[SOURCE MATERIAL]

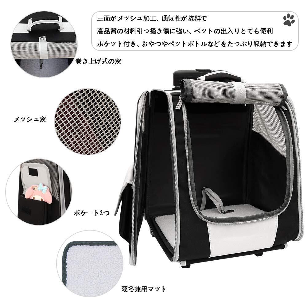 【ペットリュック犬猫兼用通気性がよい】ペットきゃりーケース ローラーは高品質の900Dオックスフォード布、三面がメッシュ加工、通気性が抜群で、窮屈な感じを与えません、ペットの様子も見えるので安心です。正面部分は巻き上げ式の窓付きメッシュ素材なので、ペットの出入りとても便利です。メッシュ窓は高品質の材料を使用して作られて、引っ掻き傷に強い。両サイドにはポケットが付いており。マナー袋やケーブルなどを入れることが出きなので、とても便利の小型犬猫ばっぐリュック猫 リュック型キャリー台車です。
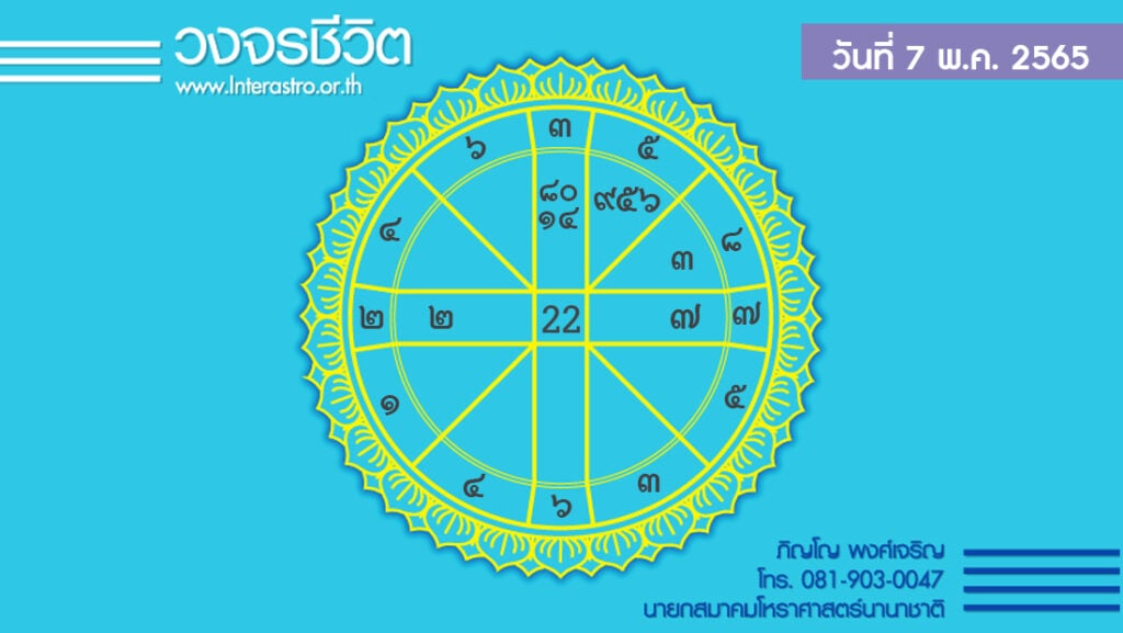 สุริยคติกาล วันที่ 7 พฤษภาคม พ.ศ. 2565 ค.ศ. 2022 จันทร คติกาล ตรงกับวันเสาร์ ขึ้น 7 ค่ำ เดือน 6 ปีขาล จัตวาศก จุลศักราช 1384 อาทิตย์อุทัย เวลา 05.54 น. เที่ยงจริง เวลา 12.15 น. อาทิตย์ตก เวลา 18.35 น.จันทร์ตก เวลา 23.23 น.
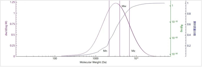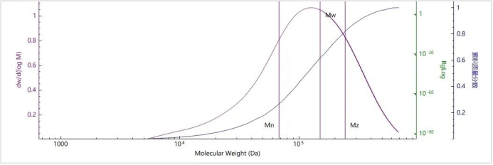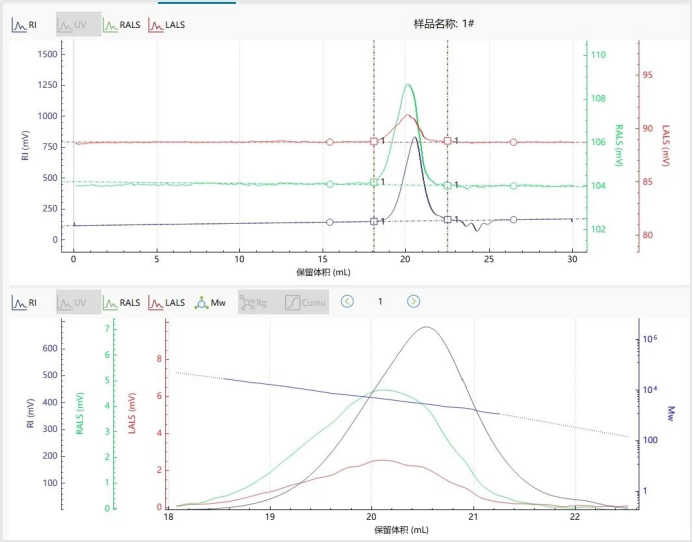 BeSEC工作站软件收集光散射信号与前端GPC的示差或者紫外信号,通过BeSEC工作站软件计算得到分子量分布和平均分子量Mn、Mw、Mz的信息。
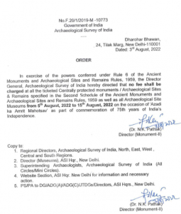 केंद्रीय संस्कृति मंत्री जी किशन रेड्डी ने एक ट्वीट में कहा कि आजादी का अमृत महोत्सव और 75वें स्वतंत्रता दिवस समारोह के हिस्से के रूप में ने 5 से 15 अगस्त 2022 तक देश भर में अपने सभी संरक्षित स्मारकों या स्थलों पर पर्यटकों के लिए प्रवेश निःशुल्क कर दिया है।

[/SOURCE MATERIAL]

**DESCRIPTION OF THE TASK:** Write the data above out again exactly, minus its pictures.

**EXERCISE SOLUTION:**
 【ペットリュック犬猫兼用通気性がよい】ペットきゃりーケース ローラーは高品質の900Dオックスフォード布、三面がメッシュ加工、通気性が抜群で、窮屈な感じを与えません、ペットの様子も見えるので安心です。正面部分は巻き上げ式の窓付きメッシュ素材なので、ペットの出入りとても便利です。メッシュ窓は高品質の材料を使用して作られて、引っ掻き傷に強い。両サイドにはポケットが付いており。マナー袋やケーブルなどを入れることが出きなので、とても便利の小型犬猫ばっぐリュック猫 リュック型キャリー台車です。
 สุริยคติกาล วันที่ 7 พฤษภาคม พ.ศ. 2565 ค.ศ. 2022 จันทร คติกาล ตรงกับวันเสาร์ ขึ้น 7 ค่ำ เดือน 6 ปีขาล จัตวาศก จุลศักราช 1384 อาทิตย์อุทัย เวลา 05.54 น. เที่ยงจริง เวลา 12.15 น. อาทิตย์ตก เวลา 18.35 น.จันทร์ตก เวลา 23.23 น.
 BeSEC工作站软件收集光散射信号与前端GPC的示差或者紫外信号,通过BeSEC工作站软件计算得到分子量分布和平均分子量Mn、Mw、Mz的信息。
 केंद्रीय संस्कृति मंत्री जी किशन रेड्डी ने एक ट्वीट में कहा कि आजादी का अमृत महोत्सव और 75वें स्वतंत्रता दिवस समारोह के हिस्से के रूप में ने 5 से 15 अगस्त 2022 तक देश भर में अपने सभी संरक्षित स्मारकों या स्थलों पर पर्यटकों के लिए प्रवेश निःशुल्क कर दिया है।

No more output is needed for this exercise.